3D Holograms Inspire Innovative Storytelling Techniques

One such initiative involves creating 3D holograms of Holocaust survivors, ensuring they can share their experiences with people of all ages in perpetuity. In 2017, the Illinois Holocaust Museum and Education Center in Chicago became the first museum to unveil a permanent exhibit featuring survivor testimonies told through 3D holograms.

The 3D holograms are produced using special digital technology, “New Dimensions in Testimony,” developed by the USC Shoah Foundation in Los Angeles. The process can be grueling for the survivors, who are filmed answering questions about their experiences for up to five or six hours.

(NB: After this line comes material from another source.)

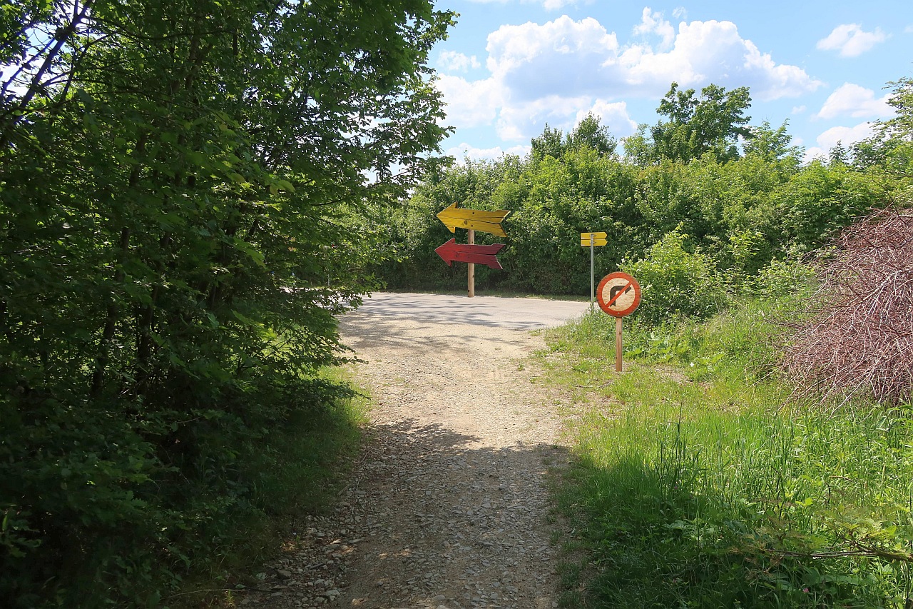 Bild 2: Bald nach der Gipfelwiese kommen wir zu diesem Abzweiger. Eigentlich wäre es egal, für welchen Weg man sich entscheidet. Aber wir haben uns entschieden, dass man rechts gehen soll. Der roten Markierung folgen wir ab jetzt.

But when the filming is complete, the hologram creators have the answers to hundreds or even thousands of potential questions from museum visitors, which the holograms can be programmed to offer in the course of an interactive conversation.

Traditional Media Lacks Personalization

Although Holocaust survivors’ stories can also be preserved for future generations in books and films, these traditional media can’t foster a personal, one-to-one connection with their subjects. Based on my own experiences, listening to a Holocaust survivor tell you their story in person, and having them answer any questions you have, is far more powerful than a written account or an actor’s portrayal on film.

In NPR’s December 19, 2017 report about the opening of the Illinois Holocaust Museum and Education Center’s survivor hologram exhibit, Shoshana Buchholz-Miller, the museum’s then-Vice President of Education and Exhibitions, said:

Nothing replaces the testimony of a survivor who is in front of an audience. It really creates this empathy that we don’t see any other way. And we are so blessed that we have that opportunity now, but we’re not going to have that opportunity forever.

Personalize Interactions with Your Audiences

Holocaust educators are proactively utilizing innovative technology solutions to help survivors share their testimonies (and communicate the lessons of this unspeakably horrific chapter of history) in an impactful, personal way, now and in the future. While not every company can use 3D hologram technology in their storytelling tactics, small, mid-size and large companies—regardless of their industry—can take advantage of cutting-edge tools to connect with their customers, instead of merely engaging with them.

Here are two examples that show how companies in different industries can use advanced technology to communicate with customers:

1. Interactive Video

Printed Instruction Manuals Can be Unhelpful

Printed instruction manuals are compiled and distributed to tell customers how to assemble or install a new kitchen appliance, piece of furniture, toy, computer, smartphone, or app. But depending on a customer’s individual mechanical ability or technical expertise, and on the clarity of the instructions and diagrams, an instruction manual can be indispensable … or downright useless.

Telephone Helplines are Limited

Telephone helplines serve as a far more personal means of customer engagement—but callers can’t see what the customer service representatives they speak to look like and can’t read their facial expressions. Furthermore, except for computers and smartphones that can be tapped into remotely, customer service professionals can’t see the kitchen appliance, toy, or furniture that callers are unable to properly assemble or use on their own.

Interactive Video Provides More Value

To stop customers from thinking of them as faceless corporations, companies can produce and widely distribute interactive, step-by-step instruction and demo videos when they roll out products or enhancements. These videos should feature real people walking viewers through each step of installation and guiding them through implementation, as opposed to faceless narrators. In addition, videos provide an opportunity to show how a certain product or enhancement can make things better, more efficient, or more enjoyable for different types of users.

2. Live Video

For customers who need more assistance, companies can enable their service representatives to interact with callers via Skype, FaceTime, or digital conference/meeting systems so they can not only forge a stronger connection with customers, but also see what the problem is and get a better idea of how to fix it.

Use Technology to Preserve One-On-One Engagement

One-on-one, in-person engagement is key for getting through to people and taking relationships to the next level. No matter how small your company or organization might be, the technology and tools available today can help you engage more meaningfully with customers and other audiences—and, in turn, tell a more powerful story.